Dalej Sąd Okręgowy w całości zaakceptował rozważania prawne wyrażone w zaskarżonym orzeczeniu. Zauważył jednocześnie, że spór koncentrował się wokół kwestii, czy dochodzone świadczenie miało cechy nagrody, czy też premii regulaminowej, należnej na podstawie konkretnych, sprawdzalnych i nadających się do weryfikacji kryteriów. Podzielając stanowisko Sądu Rejonowego, co do uznaniowego charakteru świadczenia, dodatkowo podniósł, że nagroda rekompensuje osiągnięcie oznaczonego wyniku, wzmacnia motywacyjną funkcję wynagrodzenia (por.

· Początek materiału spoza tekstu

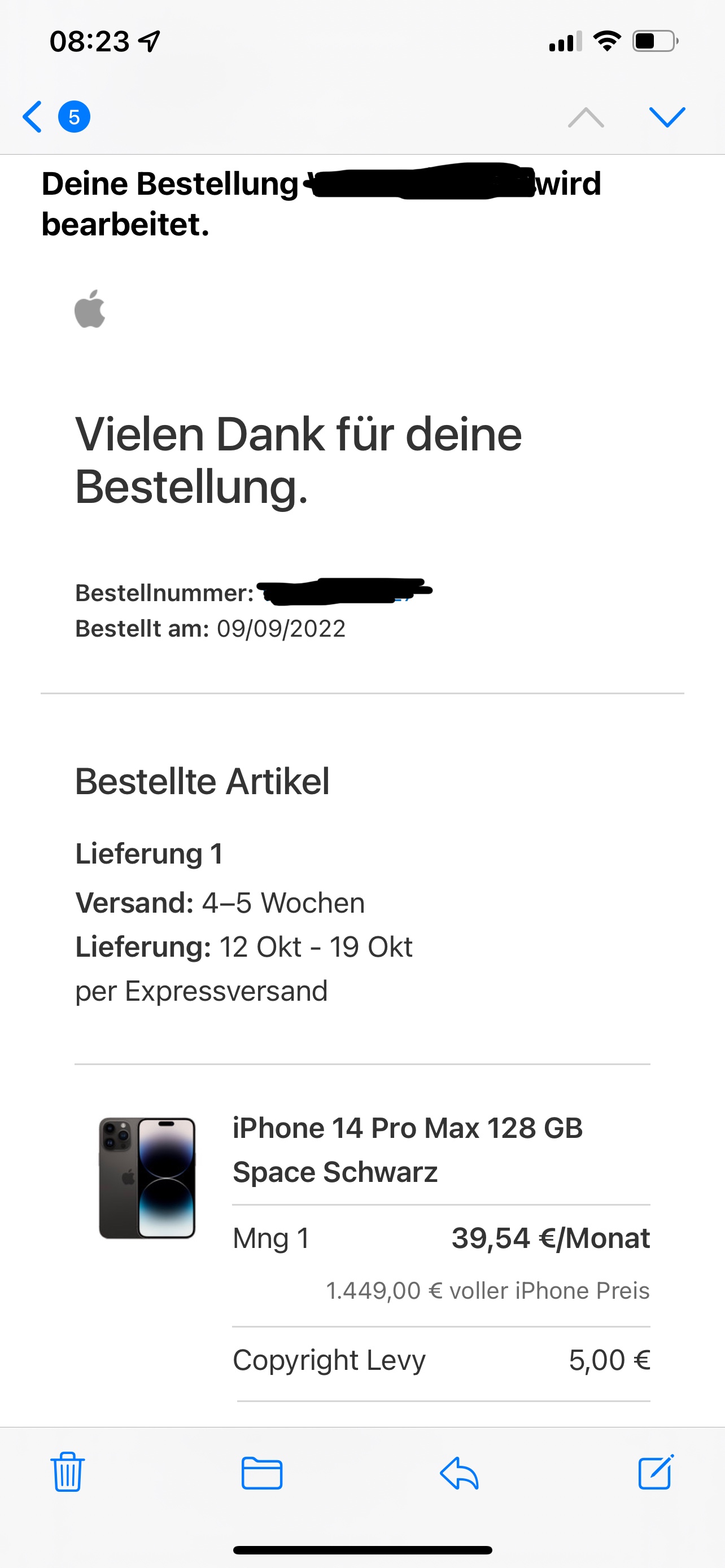 Leider kommt mein iPhone erst zwischen dem 12. - 19. Oktober. War ich wohl zu langsam 🐌😄

W. Piotrowski, Pojęcie i mechanizm prawny powstania prawa do premii, RPEiS 1975, z. 4. oraz U. Jackowiak (red.), Prawo pracy – Wolters Kluwer, Warszawa 2012). Natomiast akceptacja stanowiska powódki oznacza przyznanie nagrody w każdym wypadku, nawet wówczas gdy pracownik nie uzyska pozytywnej oceny przełożonych. Ponadto Sąd Okręgowy zauważył, że treść § 7 zasad przyznawania i wypłacania pracownikom premii oraz ustalania wysokości środków w sposób jednoznaczny wyklucza prawo powódki do premii, gdyż nie ma zastosowania do osób zatrudnionych – jak powódka – na stanowisku dyrektorów departamentów i jednostek organizacyjnych. Stanowiska Sądu pierwszej instancji nie może zmienić odwołanie się do treści art. 9 § 1 k.p. Sąd Odwoławczy za nielogiczny uznał argument, że zajmowane przez powódkę stanowisko uprawnia do świadczenia bez konieczności oceny jakości pracy, zaś w przypadku pracowników niższego szczebla taka ocena jest obligatoryjna. W kontekście rozważań przedstawionych w apelacji, Sąd drugiej instancji dostrzegł sprzecznie sformułowane stanowisko skarżącej, które w zakresie prawa do świadczenia nadaje mu charakter premii regulaminowej, zaś w przypadku ustalania jej wysokości ma już charakter uznaniowy.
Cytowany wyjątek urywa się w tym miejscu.